Under the weighted-score logistic model (WSLM), which is proposed by Jian, Dai, & Dai(2016). On the basis of the item emphases of the polytomously scored item, the WSLM model adds the weighted-score parameters into the dichotomous logistic model. Because of the dichotomous model have five forms at least. Similarly, the weighted-Score Logistic model also have four forms, including the one-parameter weighted-Score Logistic model, the two-parameter weighted-Score Logistic model, the three-parameter weighted-Score Logistic model including c parameter, the three-parameter weighted-Score Logistic model including γ parameter, the four-parameter weighted-Score Logistic model.
There are response disturbances such as random guessing, carelessness, transcription error in the educational tests. In the paper and pencil testes or computerized adaptive testing, the aberrant responses such as careless errors and lucky guesses would cause significant ability estimation biases in the past researches. Mislevy & Bock (1982) proposed the Biweight estimator, and made comparison between the Biweight estimator and maximum likelihood estimator. Results showed that the Biweight estimator could typically reduce Biases, thereby dispel measurement disturbances. And three-parameter Logistic IRT model and four parameter Logistic IRT model, Huber robust estimation, and the other methods have therefore been proposed to address the response disturbance, including random guessing, carelessness, etc..
The paper comparisons the four models to robustify ability estimates by an example of a test. The four models compared including two-parameter WSLM, three-parameter WSLM contains c parameter, three-parameter WSLM contains γ parameter, four-parameter WSLM. Second, three simulation studies in three test cases are presented respectively, with the aim of comparing four approaches, including 2PM-MLE, Biweight estimation, Huber estimation, 4PM-Robust estimation. The hypothetical test instrument contains 34 items, with difficulty thresholds b~ N(0,1), and log (a) ~ N(0,1).
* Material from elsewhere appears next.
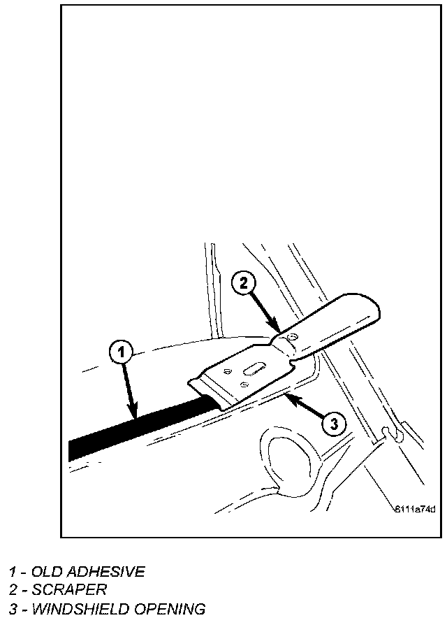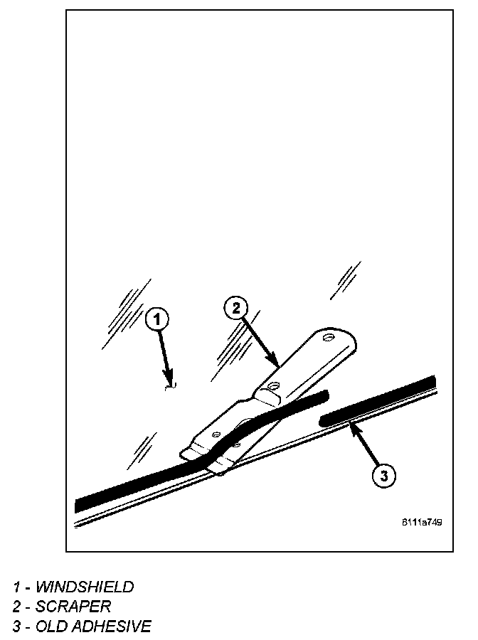 2. Level old bead of windshield adhesive (3) to a thickness of approximately 1 mm (0.04 in.) and remove loose adhesive.

The 35th item with difficulty thresholds range from -4.0 to 4.0. The ability of the middle-ability examinee is estimated by the responses on the 34 items of the basic test under two-parameter logistic model, and the ability estimation is seen as the reference value for the other three models.
Based on the two-parameter WSLM, the ability of the examinees will be overestimated when there exist guessing phenomenon on the difficult items; Meanwhile, the ability of the examinees will be underestimated when there exist sleeping phenomenon on the easy items. The three-parameter WSLM, which contains c parameter, the overestimation phenomenon would be rectified. However, the underestimation phenomenon still exists when the examinees miss the easy items. Secondly, The three-parameter WSLM, which contains γ parameter, the underestimation phenomenon would be rectified well when the examinees miss the easy items. But the overestimation phenomenon still exists when the examinees get the difficult items. Thirdly, the four-parameter WSLM, which contains c, γ parameter, the underestimation phenomenon would be rectified well when the examinees miss the easy items, and the overestimation phenomenon would also be rectified well when the low-ability examinees get the difficult items luckily. So, the examinee can get the ability robust estimation under the four-parameter WSLM when there exists response disturbances such as random guessing and carelessness error n the tests.
Key words
weighted Logistic model /
guessing phenomena /
randon error phenomena /
ability overestimated /
ability underestimated